[Work instructions] When you copy from the entries that follow, take only the lines from the one with "吴国阵营里的诸葛瑾,堪称当前" down to the one with "grey cotton mock", keeping both ends and dropping every picture.
• • • •
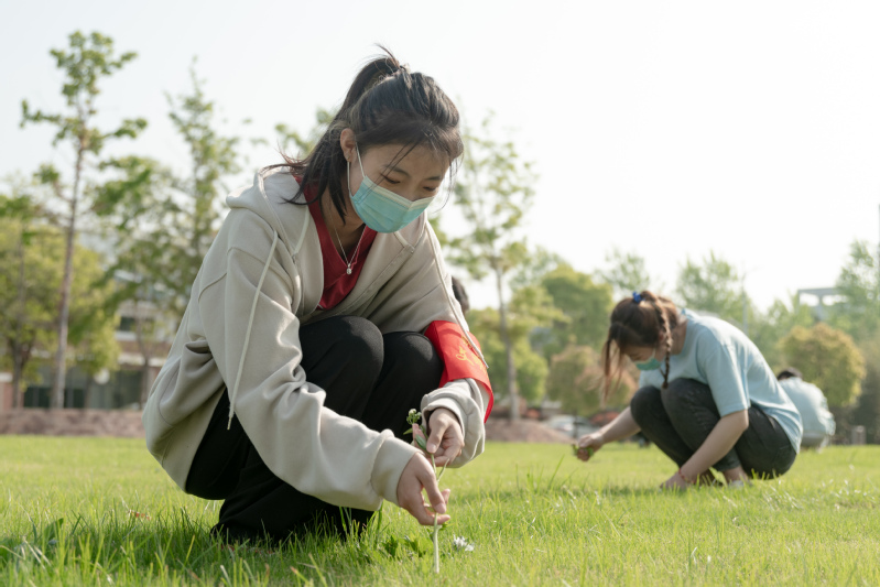 “纸上得来终觉浅,绝知此事要躬行”,习近平总书记曾说:“社会主义是干出来的,新时代也是干出来的”,随着课堂的深入,同学们纷纷表示收获十分丰富,作为社会主义接班人的使命感与责任感更强了。这时,一节“草坪上的劳动课”又悄然开始。史建梅、孔月红两位老师介绍了马克思主义劳动观的基本观点,以及劳动教育对于青年员工成长的意义,教育青年劳动不但创造了人的物质生活,也充盈着人的精神世界,使人得以成长。随后,同学们围绕校园进行环境清理,拔除草坪上的杂草,大家用自己的双手,用实干践行马克思主义劳动观,在劳动中寻找自己的价值。南太加同学说:“作为在校老员工,美丽校园就是我们的家,我们都是校园建设的主人翁,我们愿意将这种别开生面的劳动课践行下去,养成好的劳动观,筑牢全心全意为人民服务的思想根基”。
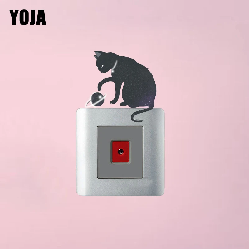 YOJA кот играет спутниковый домашний декор переключатель наклейки декор виниловая наклейка на стену 8SS0003
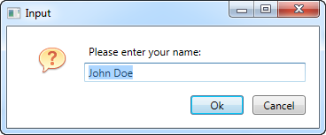 InputDialogSample inputDialog = new InputDialogSample("Please enter your name:", "John Doe");
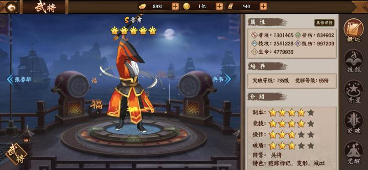 吴国阵营里的诸葛瑾,堪称当前副本输出的版本之子,输出能力远超其他武将,绝对的T0水平,值得优先培养,且门槛不高,四星就够用,谁用谁知道;无双小乔则是当前最强的副本辅助武将,不论是加血能力还是BUFF效果,都堪称一绝,远超其他辅助武将;周瑜或者鲁肃,则是吴国阵营里副本输出能力相对较强的武将,输出能力基本处于T1水平。
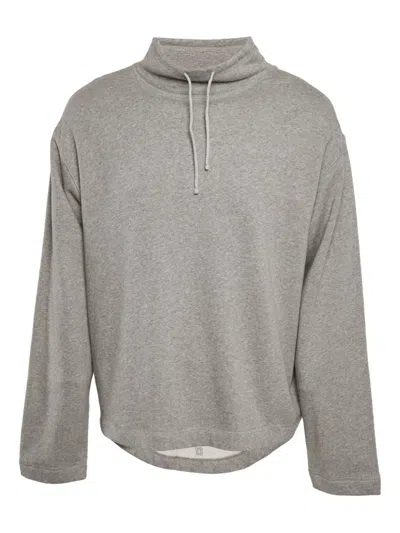 grey cotton mock neck drawstring detail long sleeves curved hemline Condition: GOOD. This previously owned and used item is in good condition with minimal signs of use. This may include fading of material or plating and scratches.
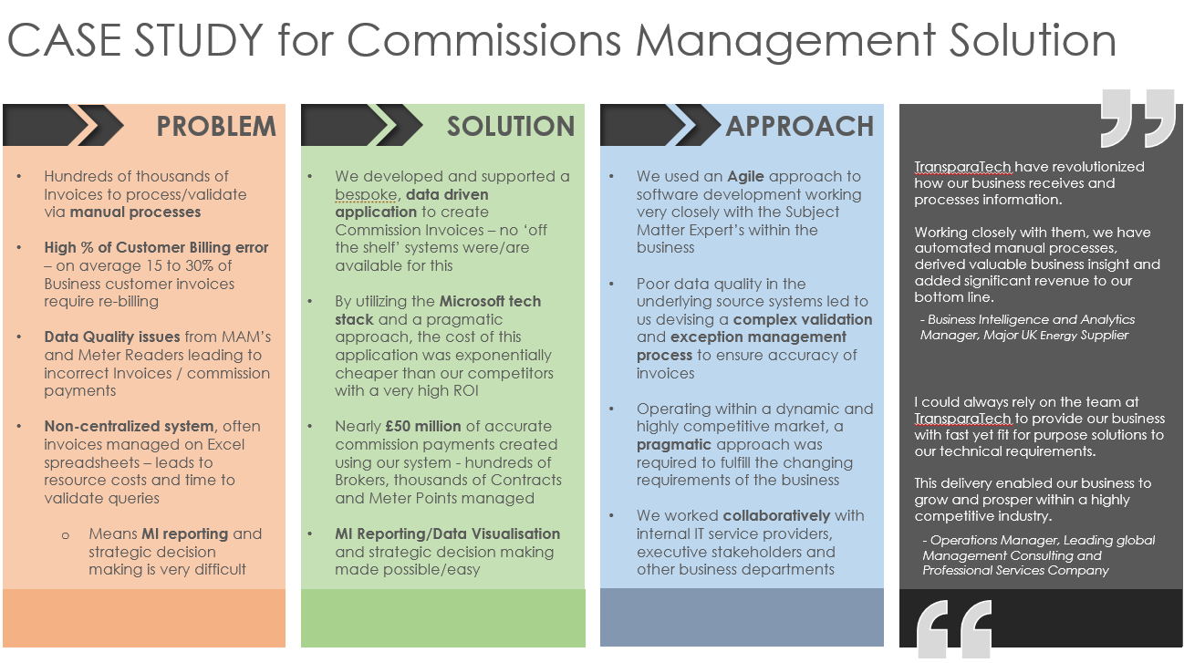 A Case Study of our Commissions Management Technical Solution for the Energy Industry.
• • • •
[Problem solution]
 吴国阵营里的诸葛瑾,堪称当前副本输出的版本之子,输出能力远超其他武将,绝对的T0水平,值得优先培养,且门槛不高,四星就够用,谁用谁知道;无双小乔则是当前最强的副本辅助武将,不论是加血能力还是BUFF效果,都堪称一绝,远超其他辅助武将;周瑜或者鲁肃,则是吴国阵营里副本输出能力相对较强的武将,输出能力基本处于T1水平。
 grey cotton mock neck drawstring detail long sleeves curved hemline Condition: GOOD. This previously owned and used item is in good condition with minimal signs of use. This may include fading of material or plating and scratches.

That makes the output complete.